Not an avid reader?  Heard of names like Richard Branson, Brian Tracy, Deepak Chopra, Robin Sharma, Rhonda Byrne? They have got to you then. They have very successfully got to you. Behold the, Success Gurus. Life Hack experts, welcome to the SELF HELP INDUSTRY.

Off-paper, most of these authors spend time conducting workshops and conferences for corporates, sales professionals,  schools and the general public. I really like all of their work and their insights they offer. But with so many Life changing Gurus, the world is just churning out new problems or a large part of the world is still un-motivated or worse- BURNT OUT. So it begs the question, Does self-help really help a person grow?

This is not to say that all these authors/ publishing houses are conspiring together to make money off our weaknesses-but the usefulness of this industry seems  recently under debate.

Why do we choose these books and listen to these authors?

Innately, at all stages of my life, I have wanted to be better  than the next person or be the equivalent of a successful person until I realized I want to be the best version of myself. Yet I don’t know how to do it perfectly. So I constantly look for motivation and quick hacks to help me make the best decisions. We are probably the only mammals that measure our traits and abilities against others or against our past selves almost constantly.

What has changed since the social media boom?

Digital marketing, New York times best sellers, paid partnerships, video lectures, free subscription for one year etc, etc.

I feel  no less chased after by  books, leaders and authors than by products. A decade ago, we were prowling for books. Now all the gurus seem to be hunting for more and wider range of disciples. It is almost as if they are in a rat-race themselves now that youtubers, review sites  and bloggers seem to be far reaching and influential than legit professionals in the life-hack industry. Only recently many self proclaimed industry “leaders” and experts (who were only famous on social media) were debunked for “Renting out” their villas, luxury cars and yachts inorder to lure people by marketing videos into their subscription and webinars.

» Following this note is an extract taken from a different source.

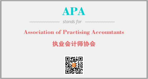 英文缩略词“APA”经常作为“Association of Practising Accountants”的英文缩写来使用,中文表示:“执业会计师协会”。本文将详细介绍英文缩写词APA所代表英文单词,其对应的中文拼音、详细解释以及在英语中的流行度。此外,还有关于缩略词APA的分类、应用领域及相关应用示例等。

What decides a book/author’s longevity in the reader?

If I looked for the next self help book, it means the first didn’t work too well, right? It didn’t serve me LIFE LONG. Self-improvement needs can change. One time it is public speaking, another time it is health and fitness. “Get anything you want, faster than you ever think” may have been an inspirational catchphrase but if any content doesn’t unknot  the logic knots that the real world throws at you, you may not remember it too well.  So does that mean all that these served was a temporary spike of motivation that fades with real experiences? Not entirely. Books of both inspiration and reason, great language stick around more in our memory. The longer it is in memory, the more often we go back to fetch excerpts and use its recommended methods.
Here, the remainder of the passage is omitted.